▶ [Supplied information]
▬▬▬

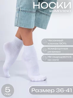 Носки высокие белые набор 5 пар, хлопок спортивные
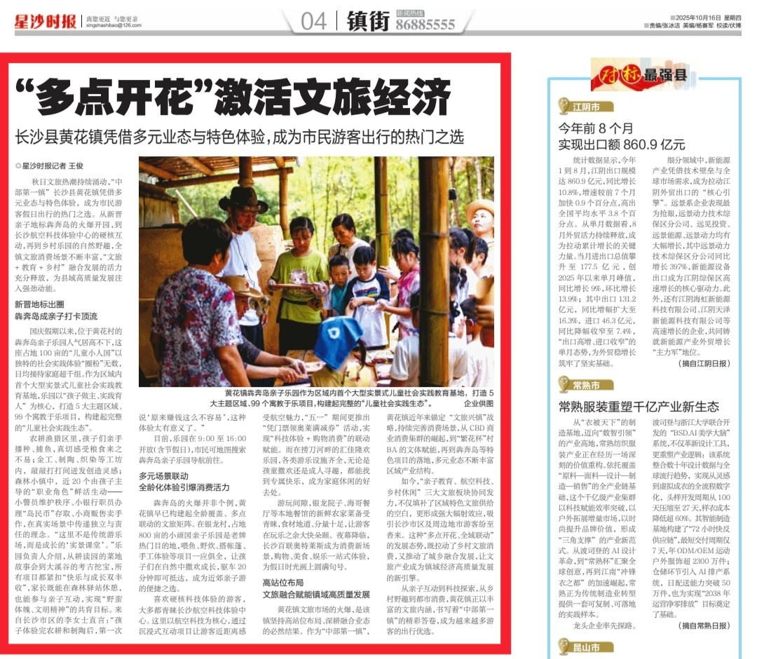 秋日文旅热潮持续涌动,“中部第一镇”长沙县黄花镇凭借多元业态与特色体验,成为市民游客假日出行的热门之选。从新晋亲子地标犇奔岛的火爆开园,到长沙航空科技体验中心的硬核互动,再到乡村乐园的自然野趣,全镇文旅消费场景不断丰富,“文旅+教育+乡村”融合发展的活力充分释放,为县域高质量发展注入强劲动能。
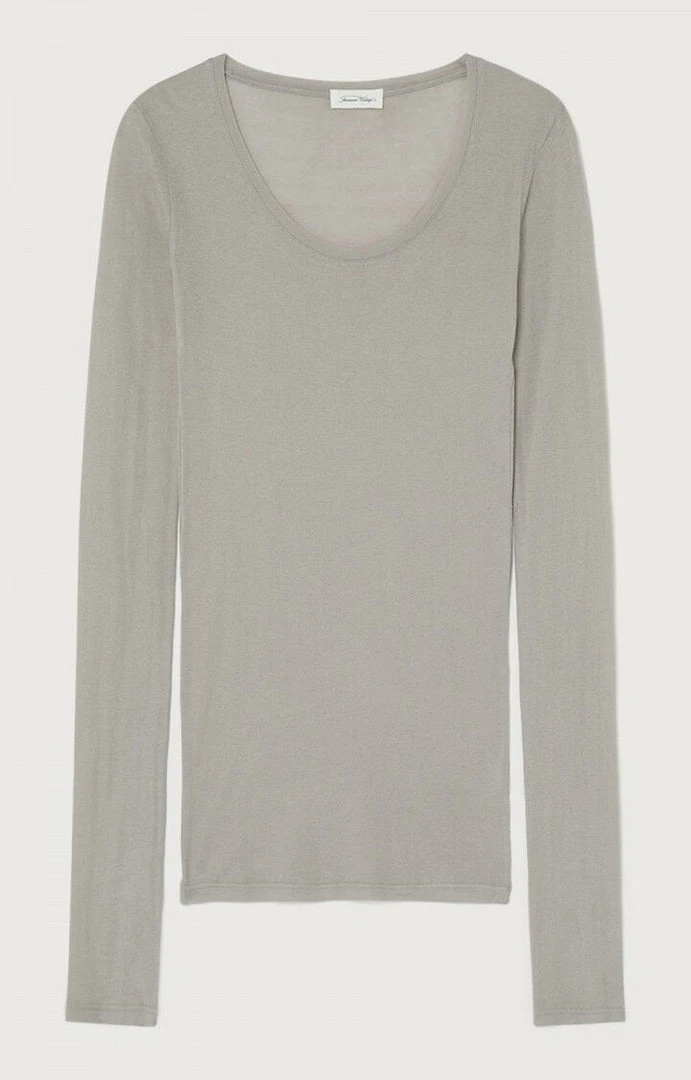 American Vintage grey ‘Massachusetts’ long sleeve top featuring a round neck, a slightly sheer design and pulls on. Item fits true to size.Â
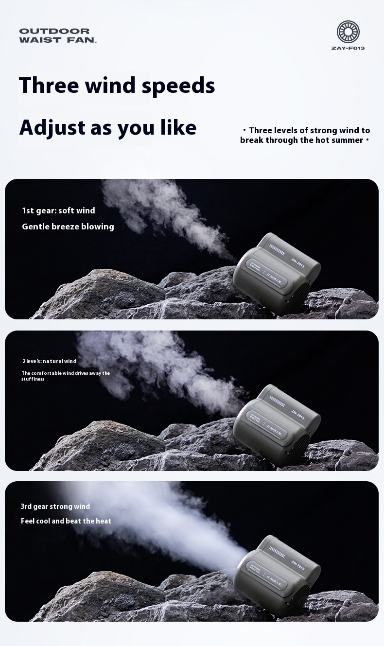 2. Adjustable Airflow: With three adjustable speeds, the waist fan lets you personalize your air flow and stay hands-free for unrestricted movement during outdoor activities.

▬▬▬

Each line above should be written out again unchanged; no images are to be carried over.

▶ [Problem solution]
 Носки высокие белые набор 5 пар, хлопок спортивные
 秋日文旅热潮持续涌动,“中部第一镇”长沙县黄花镇凭借多元业态与特色体验,成为市民游客假日出行的热门之选。从新晋亲子地标犇奔岛的火爆开园,到长沙航空科技体验中心的硬核互动,再到乡村乐园的自然野趣,全镇文旅消费场景不断丰富,“文旅+教育+乡村”融合发展的活力充分释放,为县域高质量发展注入强劲动能。
 American Vintage grey ‘Massachusetts’ long sleeve top featuring a round neck, a slightly sheer design and pulls on. Item fits true to size.Â
 2. Adjustable Airflow: With three adjustable speeds, the waist fan lets you personalize your air flow and stay hands-free for unrestricted movement during outdoor activities.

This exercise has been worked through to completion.